Required work ->
The answer must be an exact copy of the lines from the one with "Kelesuan yang Bertambah Teruk" through the final line of the records below, with no pictures.

Records shown ->
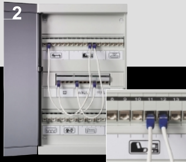
Fali elosztó szekrény a rendszer elemei számára
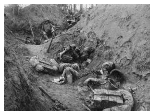
In der feindlichen Stellung am Piave-Damm, Italien

22.8.1917 isonzoschlacht.jpg
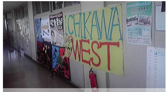
【ここから目指せ！ 吹奏楽の甲子園 普門館】
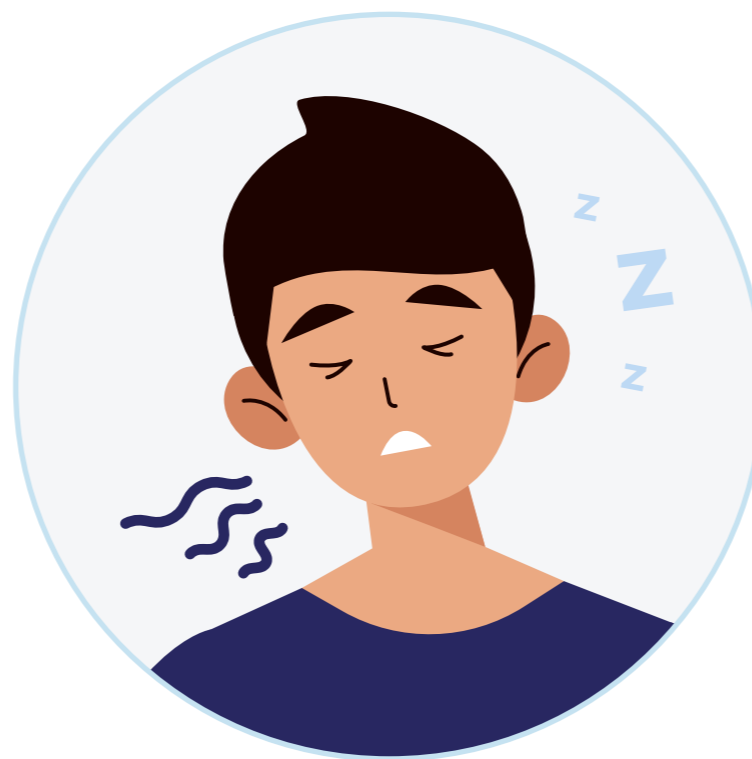
Kelesuan yang Bertambah Teruk
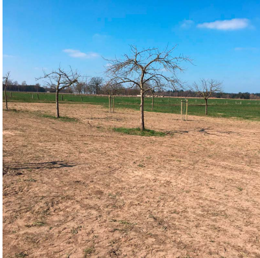
Für die Einsaat einer bunt blühenden Wiese mit heimischen Wildkräutern benötigt es eine sorgfältige Vorbereitung und Bearbeitung der Wiese.

Solution for this problem ->
Kelesuan yang Bertambah Teruk
Für die Einsaat einer bunt blühenden Wiese mit heimischen Wildkräutern benötigt es eine sorgfältige Vorbereitung und Bearbeitung der Wiese.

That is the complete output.